Feudalism worked in its crude and inequitable fashion until the coming of the Industrial Age. Today the Feudal tradition and its adherents are broken up as a political power and in most cases are ignobly lending their prestige and their abilities to the support of the predatory plutocracy which has gained complete control of the Conservative Party. In modern times the old regime is confronted with two alternatives. The first is to serve the new world in a great attempt to bring order out of chaos and beauty out of squalor. The other alternative is to become flunkeys of the bourgeoise. It is a matter of constant surprise and regret that many of my class have chosen the latter course.5
Himself from the kind of minor landed gentry who had adapted the least successfully to the political and economic triumph of the industrial middle class, Mosley’s class instincts alone inclined him to see in the corporatist state the paternalist manorial regime of his ancestors writ large, a reproach incarnate to the laissez faire individualism of the nineteenth century, and the class war of a theoretically daring but politically timid Left.
One of the RAF’s first pilots, Mosley shared Hitler’s obsession with the possibilities of advanced technology harnessed to an archaic pre-modern vision, and in this, their hybrid visions mirrored the schizoid character of the world they tried (with considerable success) to adjust to. As Leon Trotsky noted,
Fascism has opened up the depths of society for politics. Today, not only in peasant homes but also in city skyscrapers, there lives alongside of the twentieth century the tenth or the thirteenth. A hundred million people use electricity and still believe in the magic power of signs and exorcisms……. What inexhaustible reserves they possess of darkness, ignorance, and savagery! Despair has raised them to their feet fascism has given them a banner.6
This is well put, and if you substitute Taliban for fascist it works just as well.

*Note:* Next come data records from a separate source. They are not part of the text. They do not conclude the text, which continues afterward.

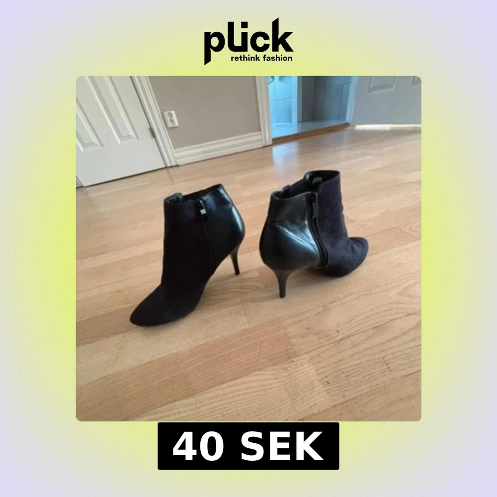 Säljer ett par svarta stövletter med spetsig tå och smal klack. Skorna har en snygg mix av mocka och skinn, samt dragkedja på sidan för enkel påtagning. Perfekta för dig som vill ha en stilren och trendig look.
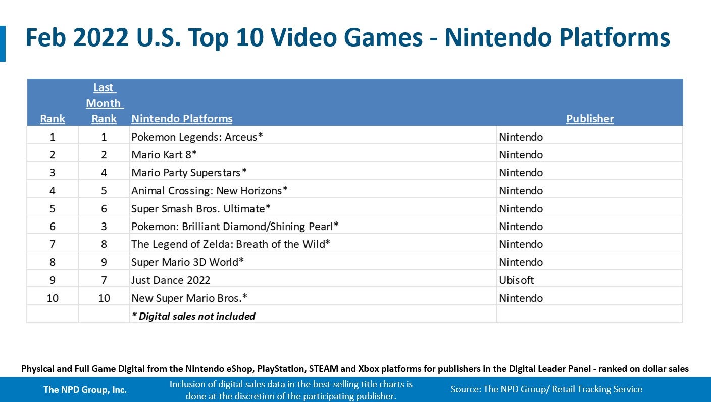 The NPD has released its February 2022 report covering video game hardware, software, and accessory sales in the US.
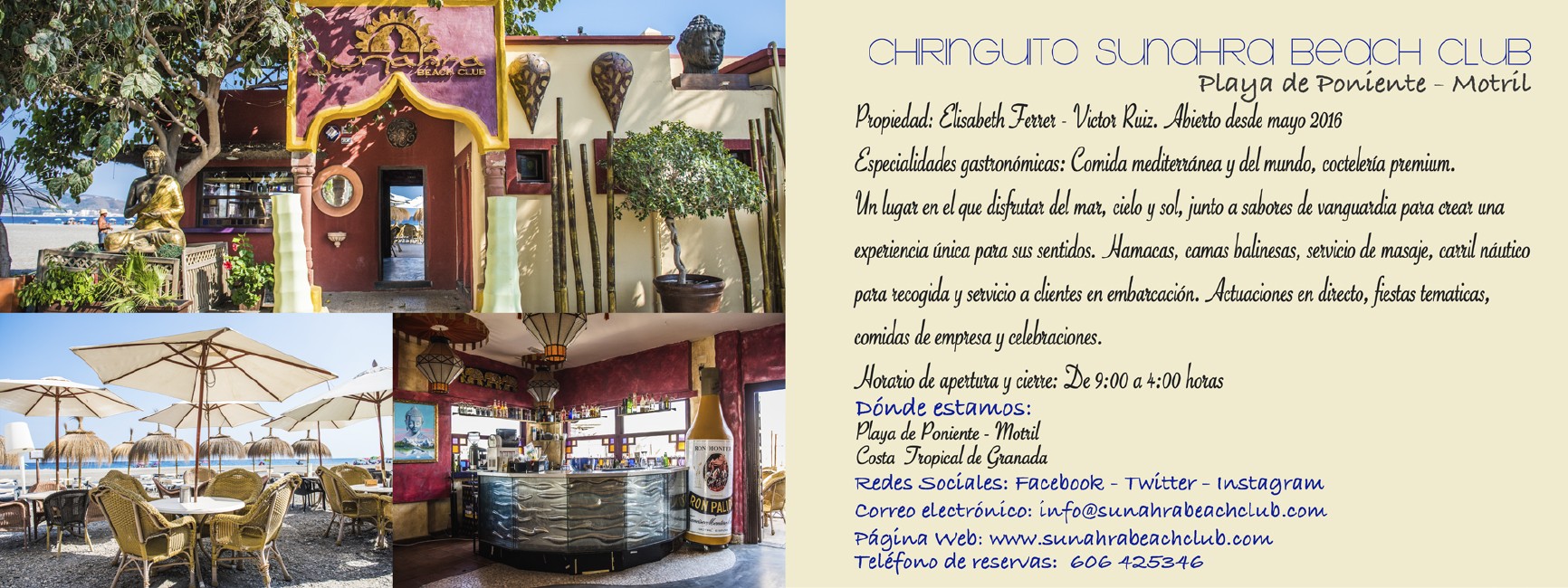 Servicios que ofrecemos: Cocteleria Premium, comida mediterránea y del mundo. Hamacas, camas balinesas, servicio de masaje, carril náutico para recogida y servicio a clientes en embarcación. Actuaciones en directo, fiestas temáticas, comidas de empresa y celebraciones…

Trotsky, was a faithful enough materialist to attribute this to the social malfunctions of capitalist society, but what he was in fact observing was an enduring feature of the disenchantment of the world. Max Weber, Nietzsche’s gloomy prophet in the social sciences knew instinctively that the scientific worldview was fatal to that sense of the sacred necessary for any culture to endure, and posed the defining predicament for modern men destined to try and generate values whilst inhabiting an increasingly flattened bureaucratised world in which the sources of human creativity were progressively weakened. For the would be Ubermensch Fascism was a virile response. As Skidelski notes the central dynamic of fascism was an attempt to fuse a quest for modernization, with a revolt against the paralysis of the will that was its inevitable consequence, at a time when the heroic psychology of the ‘front generation’ made this synthesis look feasible. Its prescriptions were bogus but we should always bear in mind that it took the protracted slaughter of a world war to make regulated markets and political democracy look the obvious remedy for staving off Europe’s social and political collapse; moderate solutions only look inevitable in retrospect, and the reprieve earned for Western civilization looks more temporary by the day. The European project famously was founded on a desire for repose, its technocratic planners believing, like Hobbes after the Religious Wars of the seventeenth century, that the continent needed a rest from the fanaticism of principles. Long years of addled prosperity have been fatal for those human values which can only endure when tested by disaster or hardship; Nietzsche’s tense bow has been slackened beyond repair and the continent’s ideological repertoire exhausted. Socialism, with cosmetic variations the de facto secular religion of Europe, has run its idealism aground on its supposed utopia, the welfare state. Orwell saw this coming in Wigan Pier, and Nietzschean socialists like George Bernard Shaw fretted at the prospect of rational administration driving out the heroic impulses and beckoning in the men without chests. In a world without enemies this is a cost easily borne but in western societies confronted with an existential civilizational threat it may yet be a fatal one. Such societies unclench their fists too readily.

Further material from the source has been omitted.